Python Tutorial: Analyze a Social Network

This tutorial will get you started using Kuzu’s Python API to analyze a dataset.

In this tutorial, we will use the following social network dataset that consists of users and their posts.

Example dataset Social network dataset used in this tutorial

Setup

Ensure that you have Python installed on your system. For this tutorial, we will use a virtual environment and install Kuzu via pip. Refer to this page for alternative installation methods.

python -m venv .venv
source .venv/bin/activate
pip install kuzu

Next, download the zipped data and unzip the files.

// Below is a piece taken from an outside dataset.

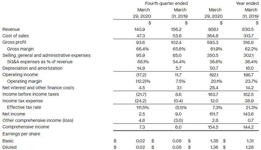 智通财经APP获悉,高端冬季服装制造商加拿大鹅(GOOS.US)于6月3日美股盘前公布了截至2020年3月29日的2020财年第四季度及全年业绩。
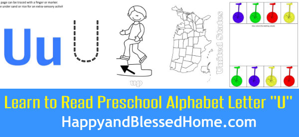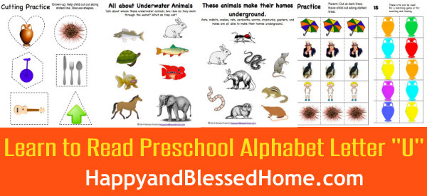 The letter “U” is for upside-down, underwater, underground, umbrella and more! This week I’m going to share what’s in our Printable Pack for 30 activities focused on learning the letter “U” and short words that start with the letter “U” by highlighting what’s inside the printable pack. These printables are from our Learn to Read Preschool Alphabet Letter Series, and they are intended to help you review vocabulary with your preschooler, venture into reading, as well as offer some fun crafts and activities to help inspire you along the way.

curl -o tutorial_data.zip https://rgw.cs.uwaterloo.ca/kuzu-test/tutorial/tutorial_data.zip
unzip tutorial_data.zip
rm tutorial_data.zip

Before we can start querying the data, we need to create a new Kuzu database and import the CSV files. Since this is a one-time operation, we will use a separate Python script. We will also create another script to contain the querying logic.

Make a new src directory and create two files named create_db.py and main.py in it.

mkdir src
touch src/create_db.py
touch src/main.py

The create_db.py script will be used to create the Kuzu database and import the CSV files.
The main.py script will be used to query the graph.

Your directory should now look something like this:

kuzu_social_network
│   ...
├── src
│   ├── create_db.py
│   └── main.py
└── tutorial_data
    ├── node
    │   ├── post.csv
    │   └── user.csv
    └── relation
        ├── FOLLOWS.csv
        ├── LIKES.csv
        └── POSTS.csv

We are now ready to start the tutorial.

Create the database

Clear out the contents of src/create_db.py and import Kuzu:

import kuzu

Next, create and connect to an empty Kuzu database:

def main() -> None:
    db = kuzu.Database("social_network.kuzu")
    conn = kuzu.Connection(db)

    # Rest of the code goes here

if __name__ == "__main__":
    main()

This will create a database social_network.kuzu where the imported CSV data will be stored.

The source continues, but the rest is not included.